The clashes prompted uproar from Syrians and other countries who called on the Syrian interim government to hold those responsible for the killings accountable (Omar Haj Kadour/AFP via Getty Images)
Thousands of people are still missing after this month’s sectarian bloodbath in northwest Syria, activists at a Syrian war monitor reported.
The UK-based Syrian Observatory for Human Rights (SOHR) said hundreds of other bodies were still being held in morgues in hospitals in Latakia and elsewhere.
Earlier this month, violent clashes broke out between the interim government’s security forces and loyalists to former president Bashar al-Assad.
But the violence took a sectarian turn, with targeted killings against members of the minority Alawite community to which the Assad family belongs. The executions resulted in hundreds of civilian deaths as thousands fled across the border into northern Lebanon.
The violence prompted uproar from Syrians and other countries, who have urged the Syrian interim government to hold those behind the killings accountable.
The SOHR recorded 62 “massacres” in coastal regions and other provinces, with 1,614 killed between 6 and 20 March.
They include 836 people killed in the Latakia, 503 in Tartus, 262 in Hama and 13 in Homs.
“The violations on the coast did not stop at looting, displacing and massacring the Alawites. They extended to even more brutal practices, such as keeping bodies instead of handing them over to their families,” the SOHR said.
“In many cases, bodies were gathered into mass graves for burial or even cremation, with no clear understanding of the true purpose behind this – whether to efface the victims’ identities or completely erase their traces. This reflects the scale of the atrocities committed in the region”.

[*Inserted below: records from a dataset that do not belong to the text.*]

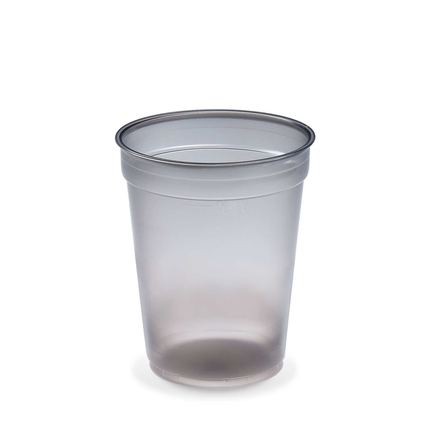 Plastový pohár z materiálu PP v dymovom prevedení s priemerom 95 mm a objemom 0,4 l.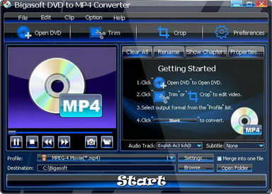 Bigasoft DVD to MP4 Converter 是一款功能強大的DVD光碟的影片直接轉換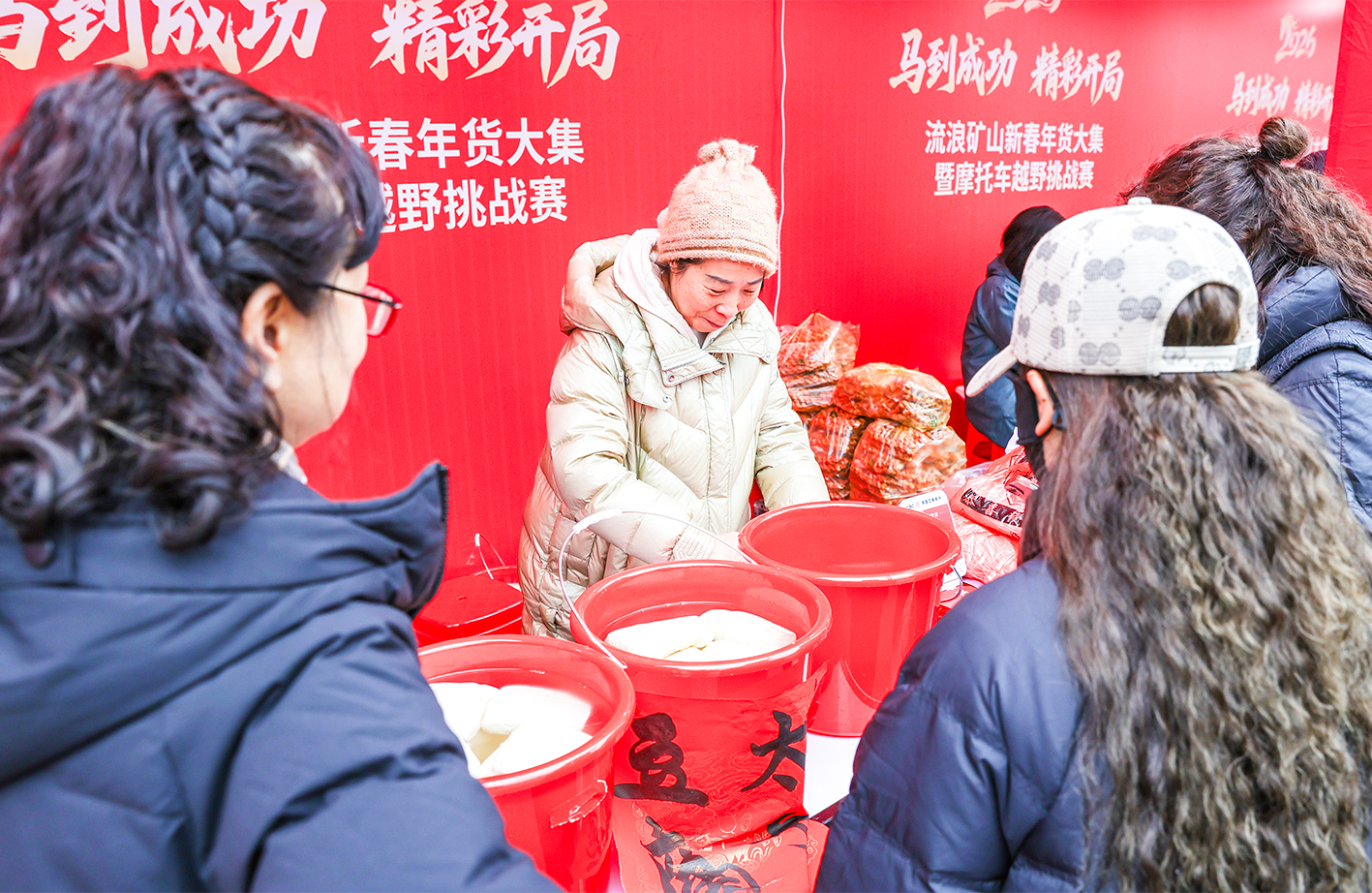 6日,大冶农发集团年货节开门迎客,一站式采购平台让市民不用跑远路,在家门口就能囤够实惠年货。7日的黄石,热闹更是翻了倍——开发区·铁山区的流浪矿山里,年货摊位一眼望不到头,太子豆腐、农家干货琳琅满目;一旁的摩托车越野挑战赛燃爆全场,骑手们追风逐速,每一次角逐都引来阵阵喝彩。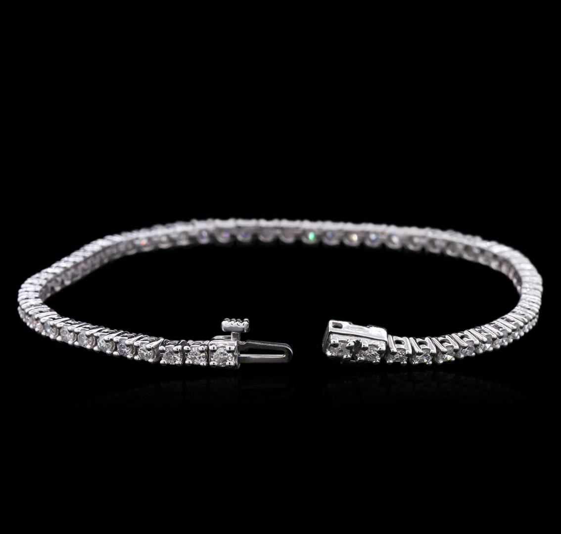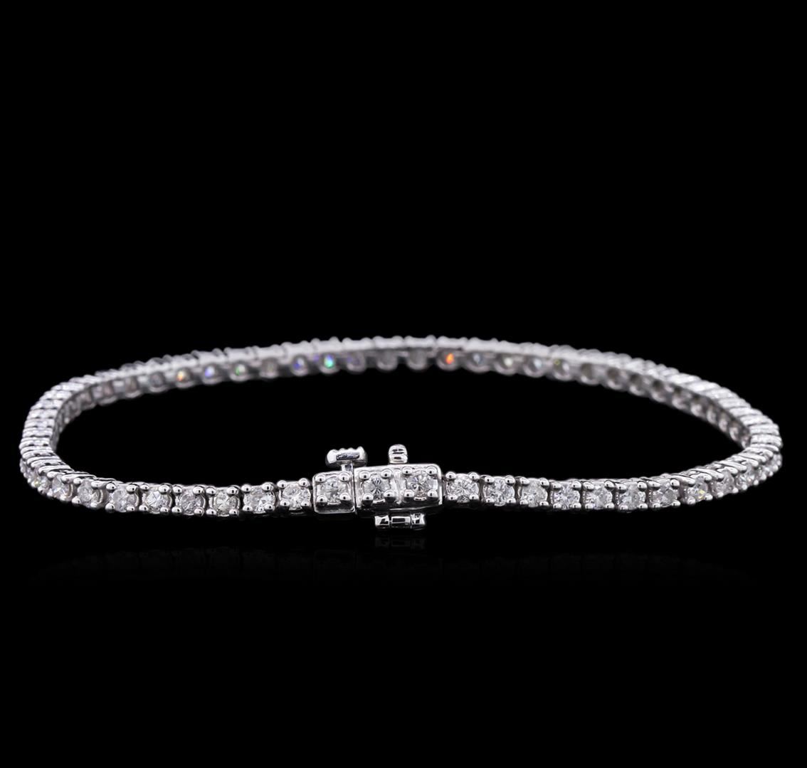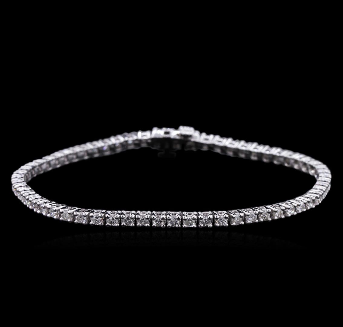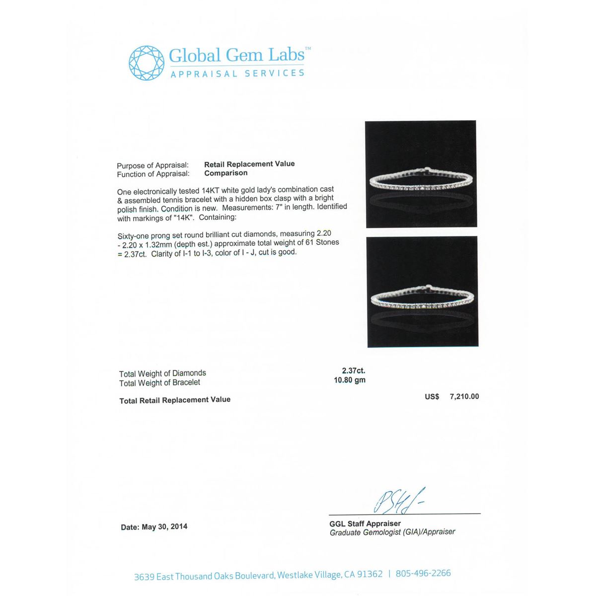 One electronically tested 14KT white gold Ladies combination cast & assembled tennis bracelet with a hidden box clasp with a bright polish finish. Condition is new. Measurements: 7" in length. Identified with markings of "14K". Containing: Sixty-One prong set round brilliant cut diamonds, measuring 2.20 - 2.20 x 1.32mm (depth est.) approximate. Total Weight of 61 Stones = 2.37ct. Clarity: I-1 to I-3. Color: I - J, Cut is Good. Total Weight of Diamonds 2.37ct. Total Weight of Bracelet 10.80 grams. GGL Appraised at $7,210.00.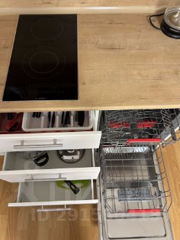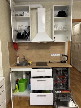 Практичная кухня оборудована всем необходимым для приготовления вкусных блюд. Здесь вы найдете плиту, посудомойку и полный набор посуды, сковородок и кастрюль - жить с комфортом можно с первого дня.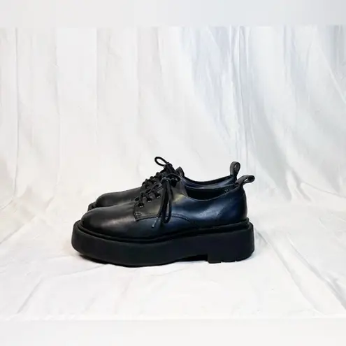 This pair of H&M Women's Black Leather Chunky Lug Platform Oxford Shoes are 10" from heel to toe, 3... Show more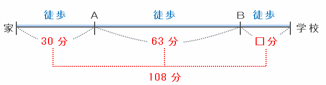 ので、B地から学校までは徒歩で108-(30+63)=15分かかります。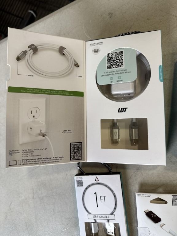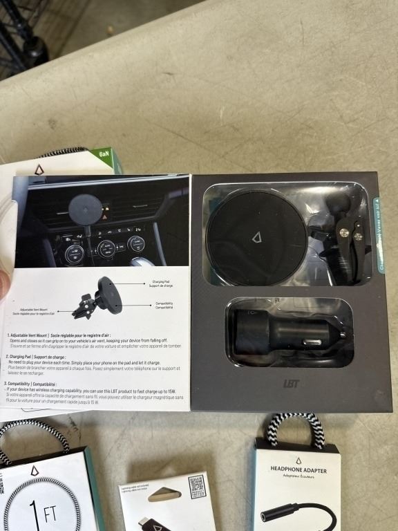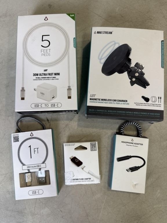 LBT MAGNETIC WIRELESS CAR CHARGER SET, 5 FOOT 30W ULTRA FAST MINI WALL CHARGER AND USB-C TO USB-C CABLE, 1 FOOT USB-A TO USB-C CABLE, HEADPHONE ADAPTOR, AND LIGHTNING TO USB-C ADAPTOR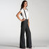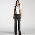 Креативные женские брюки с подтяжками. Втачной пояс с застежкой на пуговицы, четыре прорезных кармана, брючины слегка расклешенные.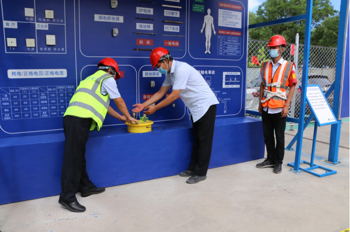 培训基地主要设置了高处坠落、边坡坍塌、触电伤害等25项安全体验项目,能够最大程度模拟真实场景下的安全生产事故,让体验者亲身感受事故发生的后果,进一步增强安全防范意识。在安全体验过程中,首先由现场讲解员详细介绍体验基地各安全培训项目和实际施工过程中容易出现的安全隐患,并组织参加人员对现场体验项目进行了实地操作演练;最后向全体人员发放了安全知识宣传资料200余份。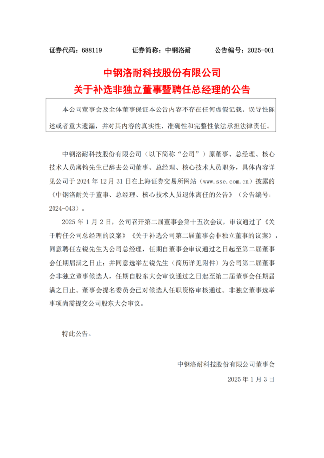 1月3日,中鋼洛耐發布《關於補選非獨立董事暨聘任總經理的公告》(以下簡稱《公告一》。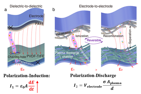 Thus, electric field breakdown is redefined as a utilizable and controllable energy release mechanism. Through precise design of the discharge threshold and channel morphology, plasma periodically forms and dissipates on the dielectric surface, avoiding material damage while achieving stable energy transfer. Experimental results show that this design effectively reduces the equivalent impedance of the dielectric layer, lowering the output characteristics from the meg-ohm level to the ohm level. Under 2 Hz low-frequency mechanical excitation, the PEET achieved a current density of 2.5 A·cm⁻² and an energy conversion efficiency of 19%, representing an improvement of two orders of magnitude compared to traditional triboelectric and piezoelectric systems.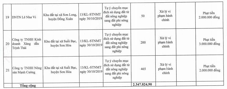 Theo đó, qua rà soát kết quả thanh tra, kiểm tra, xử lý vi phạm về sử dụng đất từ năm 2014 đến nay, tỉnh Phú Yên có 21 dự án, công trình vi phạm với tổng diện tích hơn 2.347.800 m2.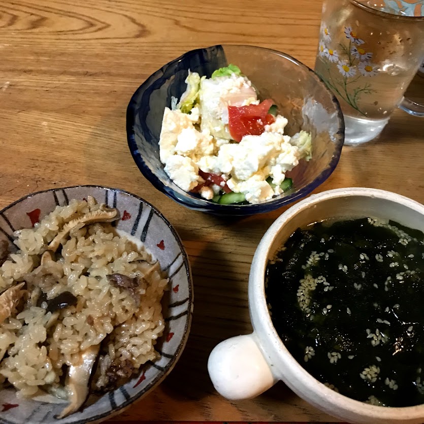 サラダはサニーレタス、トマト、きゅうり、豆腐。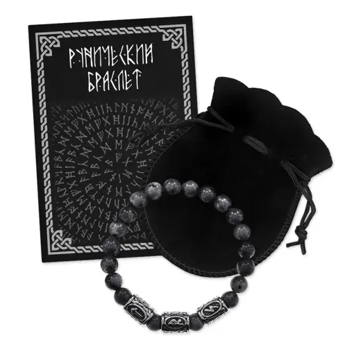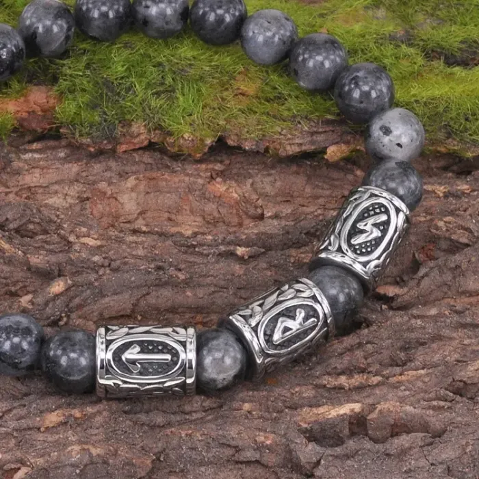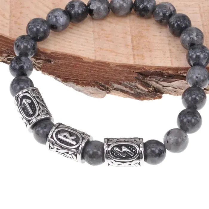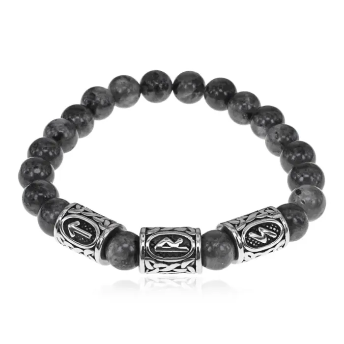 Стрейч-браслет ручной работы из натурального камня лабрадор диаметром 8 мм и рунических бусин из нержавеющей стали.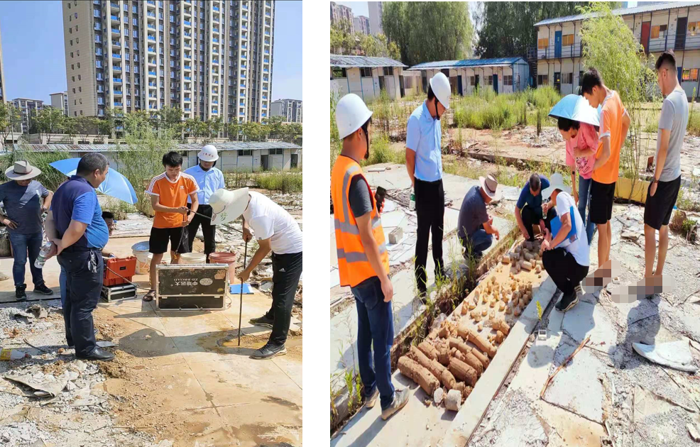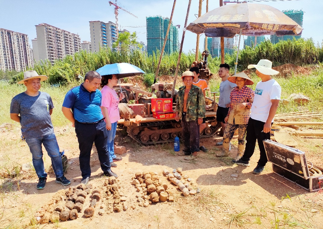 9月4日上午,中化湖南院第四党支部二公司党小组成员黄明艳(支部副书记、二公司主任工程师)、尹建明(二公司副经理)、邹品强(二公司副经理)一行赴岳阳碧桂园凤凰城3#地块项目现场进行安全检查和技术指导,并为在现场辛苦施工的钻机师傅送去了清凉物资和关怀。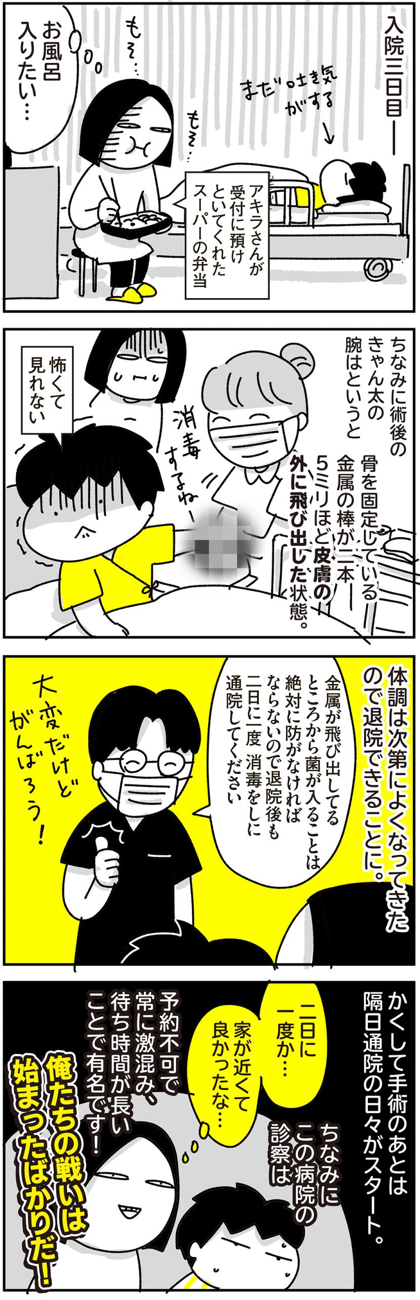 二日に一度、息子が学校から帰ったら病院に連れて行き消毒・診察を受けました。

The number of people killed is believed to be higher with many missing persons whose fates remain unknown, and bodies of dead individuals in hospitals in the coastal region who have not yet been received by their families, the observatory added.
It called for the formation of an independent, international investigations committee to probe the killings and called for the protection of civilians and to prevent such incidents from reoccurring.
The government in Damascus had already announced it was investigating the killings, and interim President Ahmed al-Sharaa said foreign powers helped trigger the clashes “to foment unrest and create communal discord,” in an apparent reference to Iran.
Assad was an ally of Tehran, which armed thousands of militants to fight alongside the former regime during Syria’s 13-year civil war. Syria also acted as a main weapons supply route for the Iran-backed Hezbollah militant group in Lebanon.
The fall of Assad’s regime dealt a heavy blow to Iran’s influence in the region, as well as to Hezbollah, which had already come out battered by the war with Israel last year.